- **PROBLEM DETAILS**: Exactly the lines below from the line with "Tedder | |||" through the line with "- Premium Durability: The" must make up the answer, both ends included and pictures left out.

- **EXTRACTED RECORDS**:

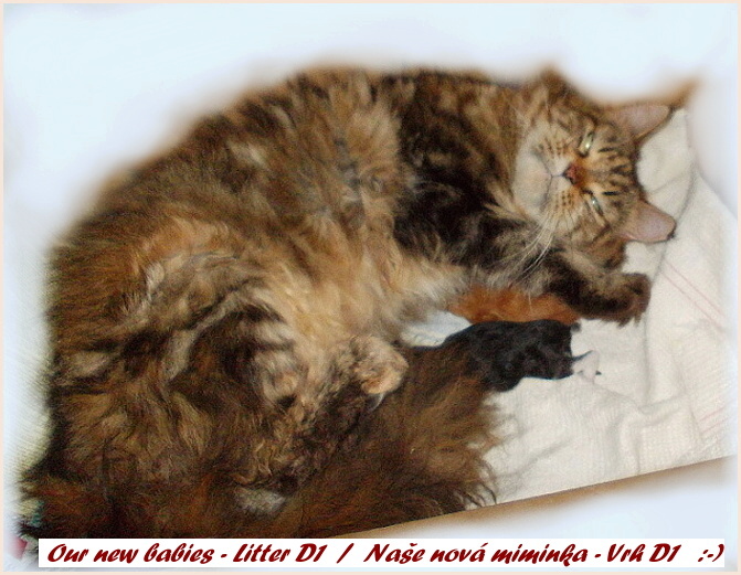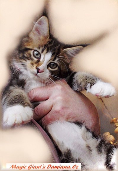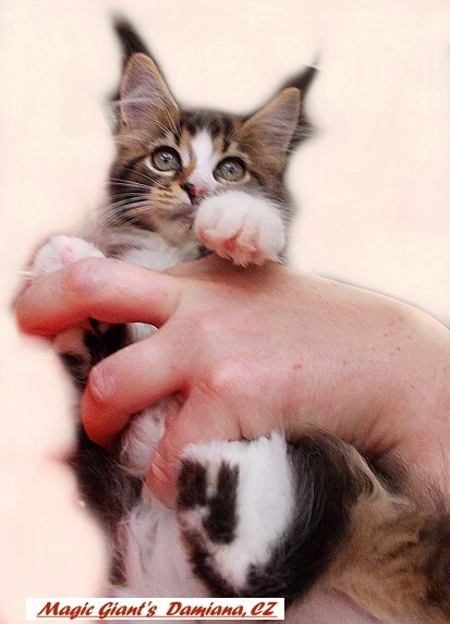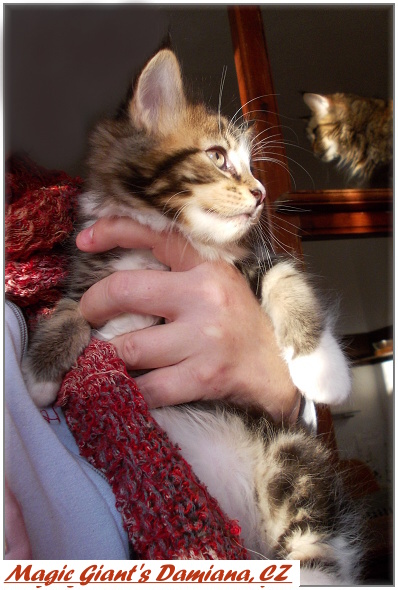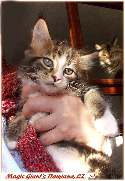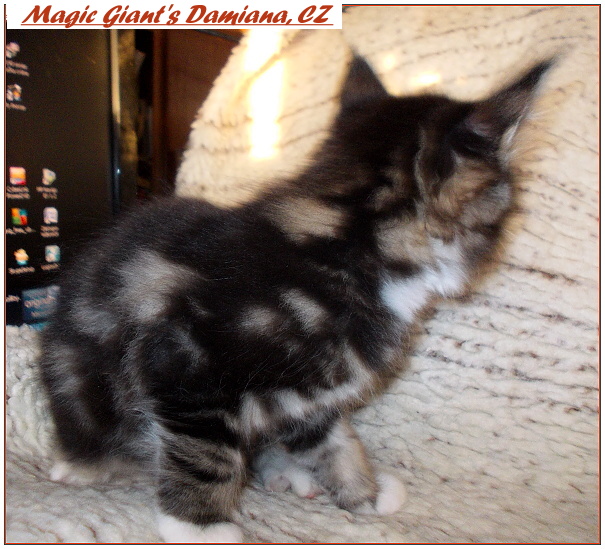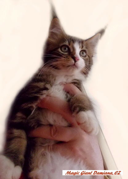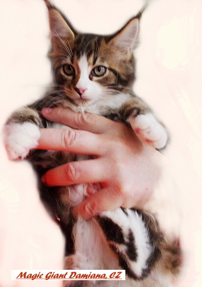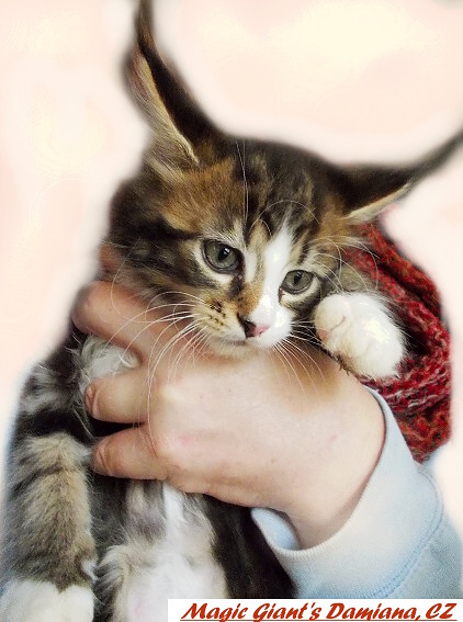 Damianka je nádherná, velmi hravá, kouzelná kočička, je velmi akční a temperamentní, má sytou výraznou barvu a kresbu, vysoko posazené dlouhé uši s krásnými, dlouhými štětičkami, perfektní tlamičku a profil, ráda dovádí a divočí a hraje si se svými sourozenci, kde projevuje své vůdčí schopnosti :-). Jinak má úžasně mazlivou a přítulnou povahu. :-) .
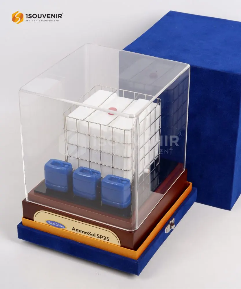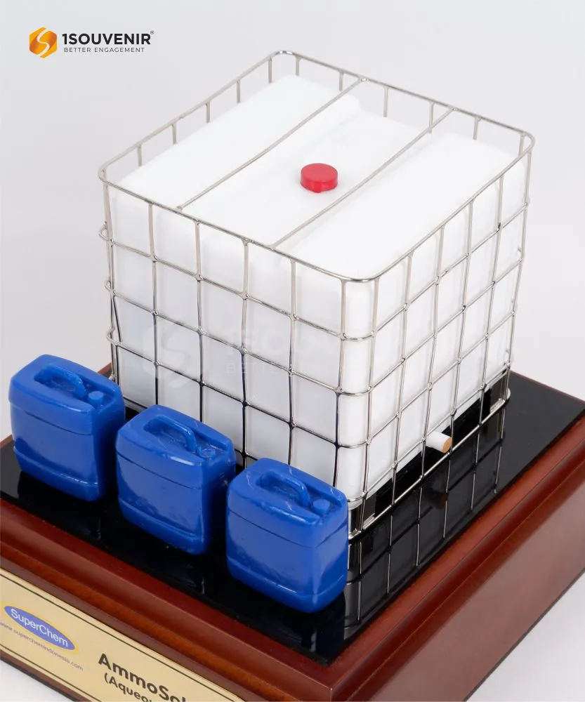 The IBC Kempu AmmoSol SP25 Bandung Jerrycan Miniature is an eye-catching corporate keepsake. Crafted from a combination of resin and acrylic, enhanced with wire and wood elements, this souvenir miniature is designed with high visual precision. As a result, companies can confidently use it to strengthen relationships with business partners.
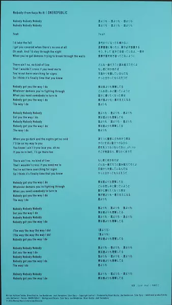 | Backing Vocals, Written-By Josh Varnadore | Producer [Additional] John Nathaniel | Producer, Backing Vocals, Written-By Brent Kutzle, Joe Henderson (12), Tyler Spry | Vocals OneRepublic | Written-By Ryan Tedder | |||
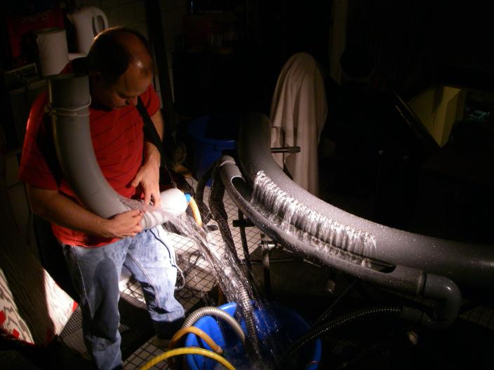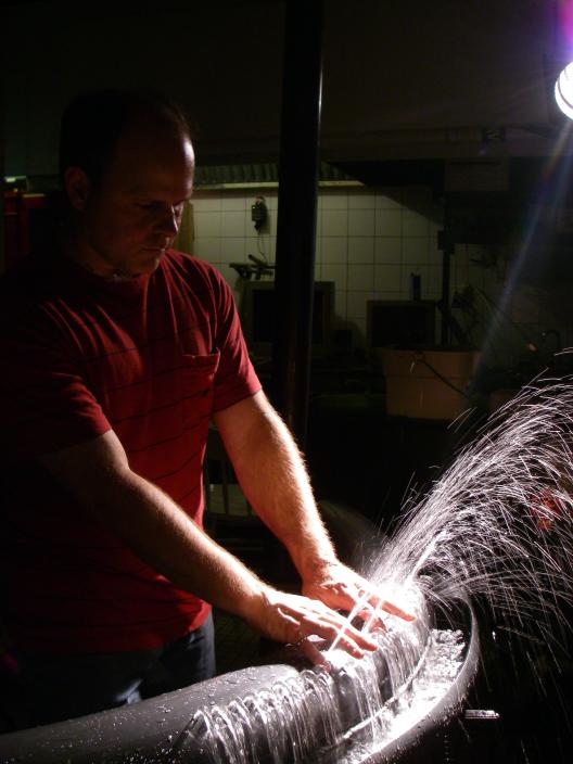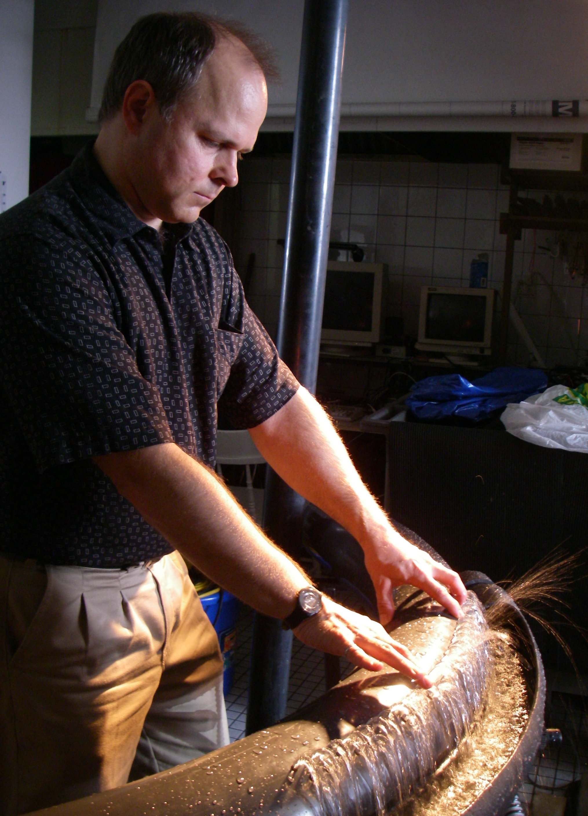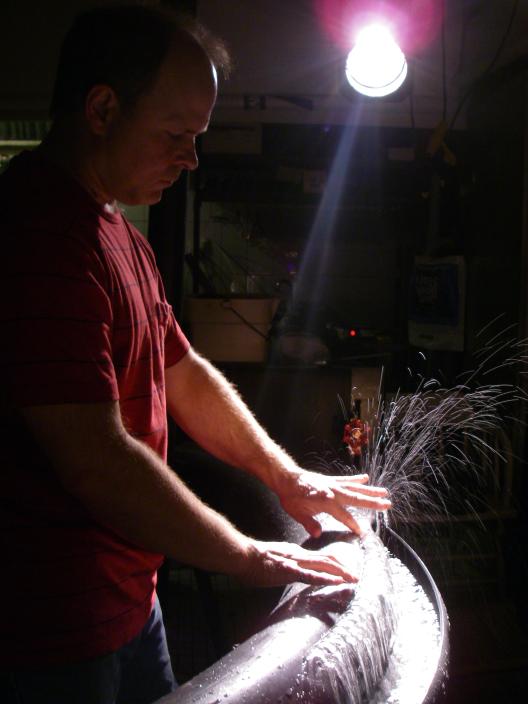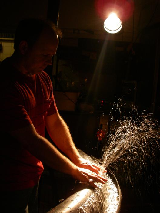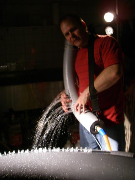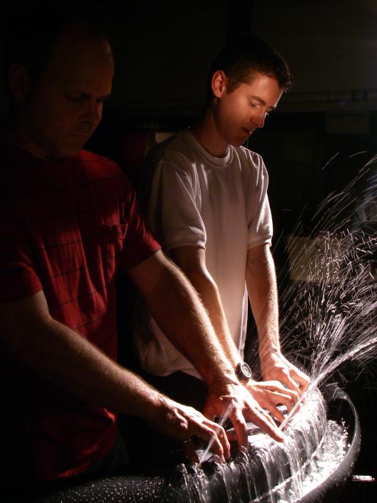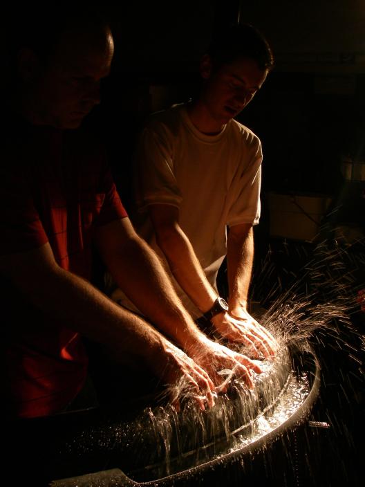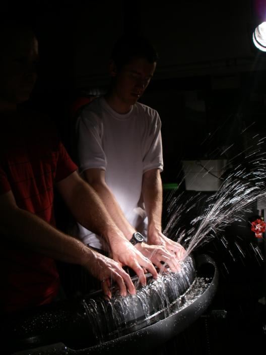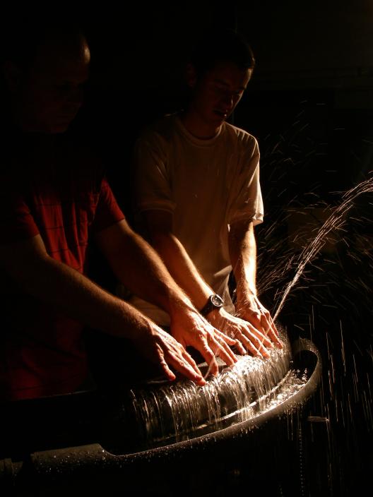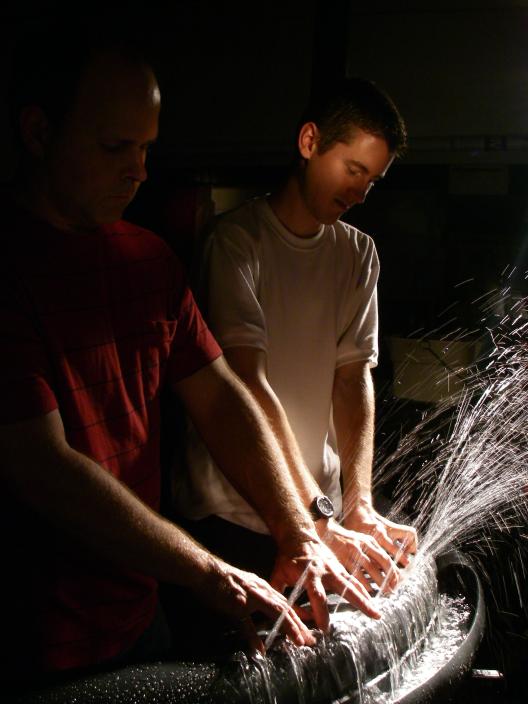 Water (liquid), played with a 45-jet hydraulophone; Wind (gas), played with
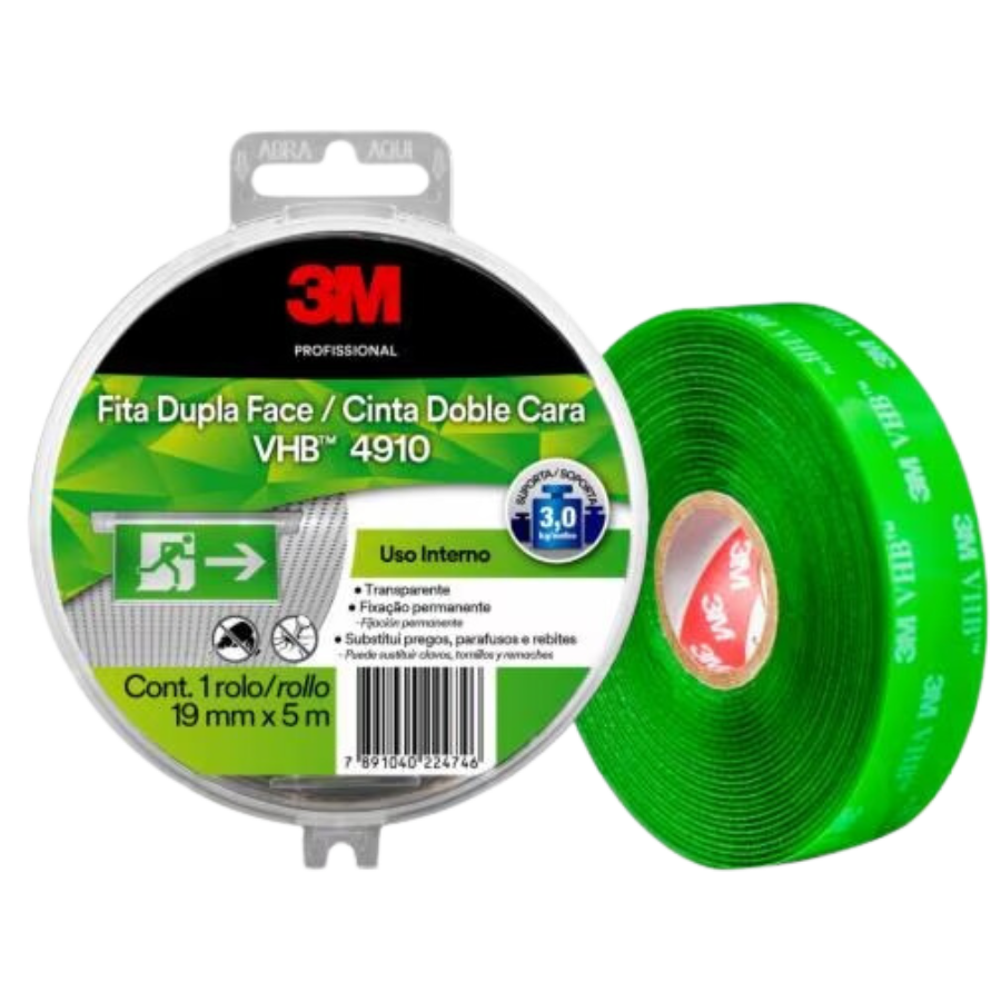 Soñe, diseñe y entregue con la cinta 3M™ VHB™ 4910. Es un adhesivo acrílico transparente de 0.040 pulg. (1.0 mm) de uso general en ambos lados de un núcleo de espuma firme. Puede reemplazar remaches, soldaduras y tornillos. El método de unión permanente rápido y fácil de usar proporciona alta resistencia y durabilidad a largo plazo. Ofrece flexibilidad de diseño con su viscoelasticidad y su poderosa capacidad para adherirse a una variedad de superficies.
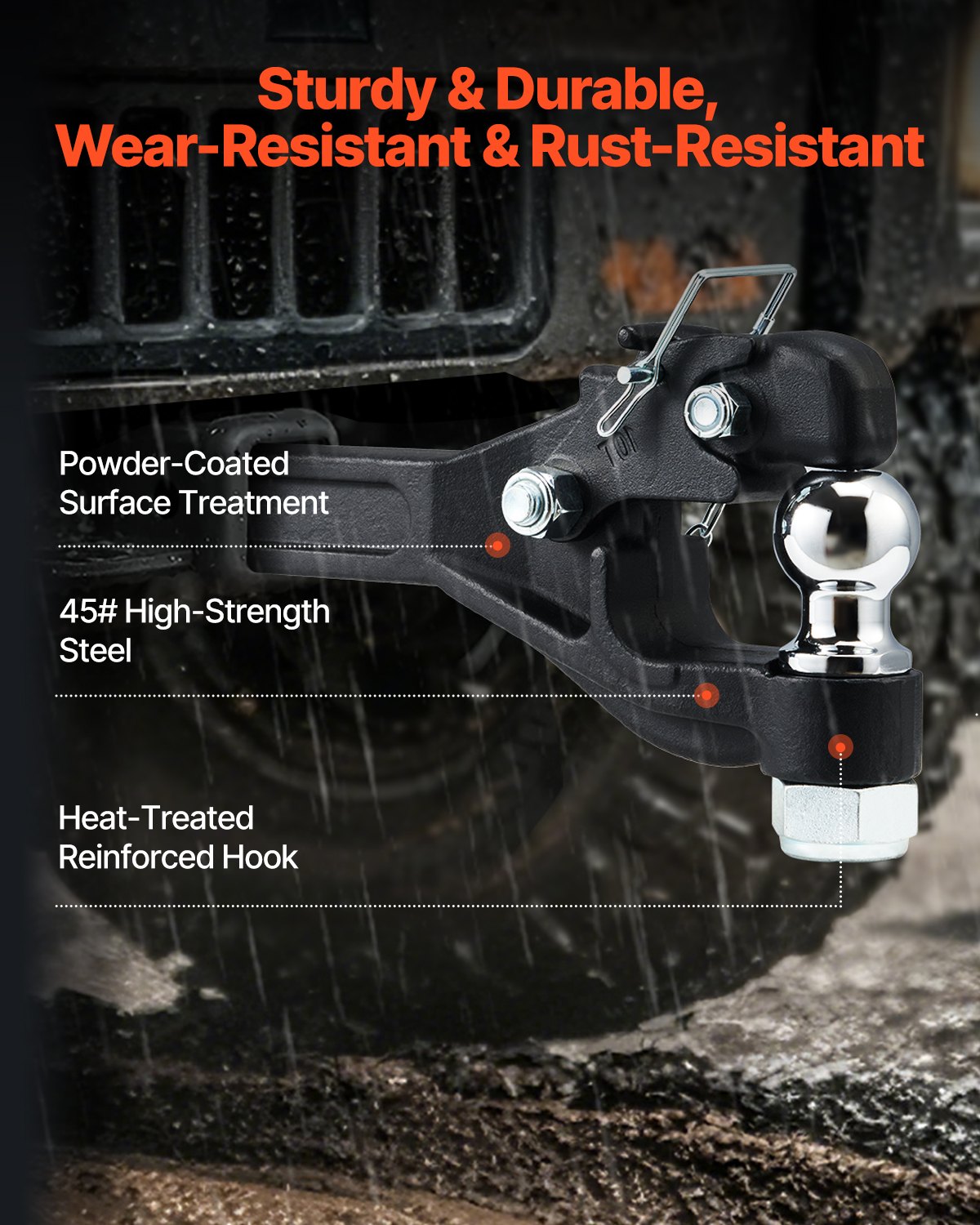 - Premium Durability: The pintle hook hitch is constructed from high-quality steel with a solid one-piece design and features a powder-coated surface that enhances rust and wear resistance. Additionally, the heat-treated hook further increases its lifespan.
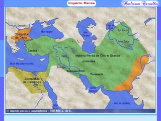 O documento descreve a história do antigo Império Persa, desde sua fundação por Ciro, o Grande até sua queda, abordando aspectos como a expansão territorial, a administração imperial, a religião zoroastriana e vestígios arqueológicos remanescentes.
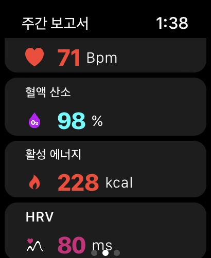 애플워치 상에서 보여지는 정보는 아래와 같으며 대다수 '1편] 애플워치에서 스트레스 측정이 가능하다?' 로 안내드린 앱 GZ Heart와 동일하지만 Health Watcher: Heart & Stress 앱에서는 주간보고서를 추가로 제공하고 있습니다 :)
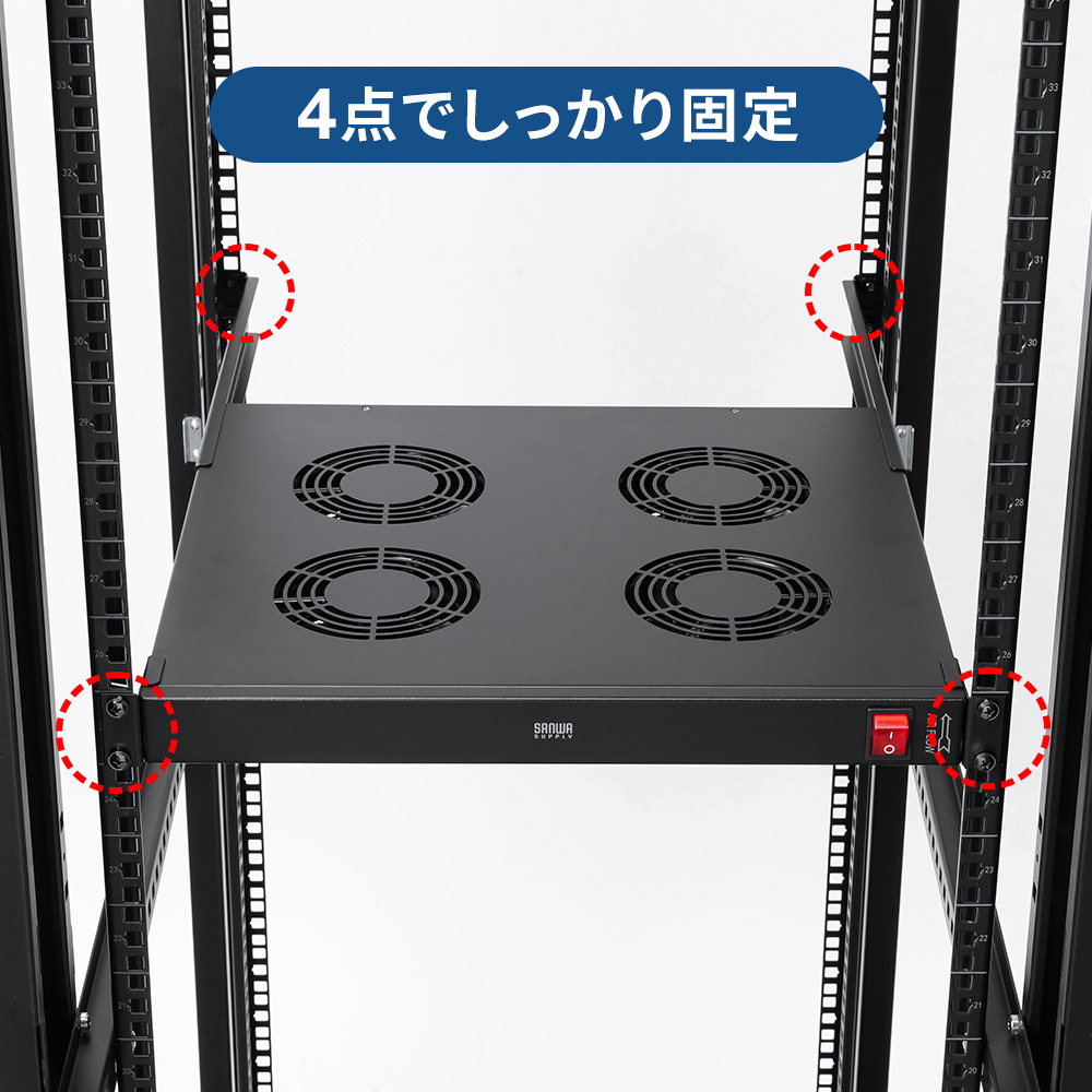 高性能ファンを4台搭載し、強力な風量でラック内の熱を効率よく排出します。
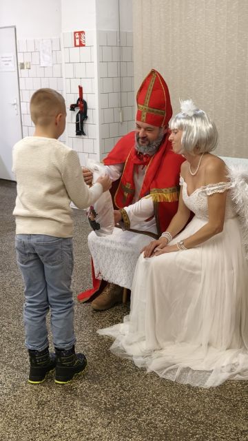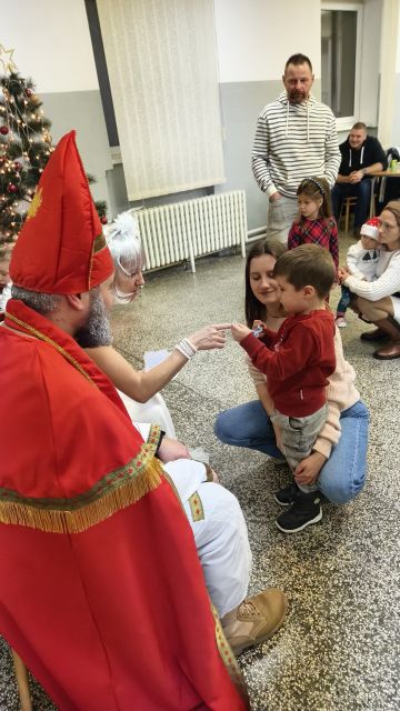 V dopoludňajších hodinách sa vydal Mikuláš stvárnený nadporučíkom Jánom Lehockým, anjel - Júlia Petrišáková a čert - rotmajster Branislav Bogár v doprovode veliteľa práporu podplukovníka Martina Doležaja do Centra pre deti a rodiny Levice, kde boli srdečne privítaní pani riaditeľkou. Deti si za pomoci vychovávateliek pripravili bohatý program plný spevu, tanca a recitovania. Nechýbalo ani chutné občerstvenie či domáci vianočný punč. Odmenou za ich usilovnú prípravu boli balíčky plné dobrôt z ktorých mali radosť malí aj veľkí. S úsmevom na perách a dobrým pocitom odchádzali naši príslušníci za stáleho mávania detí aj vychovávateliek.

- **TASK OUTPUT**:
 | Backing Vocals, Written-By Josh Varnadore | Producer [Additional] John Nathaniel | Producer, Backing Vocals, Written-By Brent Kutzle, Joe Henderson (12), Tyler Spry | Vocals OneRepublic | Written-By Ryan Tedder | |||
 Water (liquid), played with a 45-jet hydraulophone; Wind (gas), played with
 Soñe, diseñe y entregue con la cinta 3M™ VHB™ 4910. Es un adhesivo acrílico transparente de 0.040 pulg. (1.0 mm) de uso general en ambos lados de un núcleo de espuma firme. Puede reemplazar remaches, soldaduras y tornillos. El método de unión permanente rápido y fácil de usar proporciona alta resistencia y durabilidad a largo plazo. Ofrece flexibilidad de diseño con su viscoelasticidad y su poderosa capacidad para adherirse a una variedad de superficies.
 - Premium Durability: The pintle hook hitch is constructed from high-quality steel with a solid one-piece design and features a powder-coated surface that enhances rust and wear resistance. Additionally, the heat-treated hook further increases its lifespan.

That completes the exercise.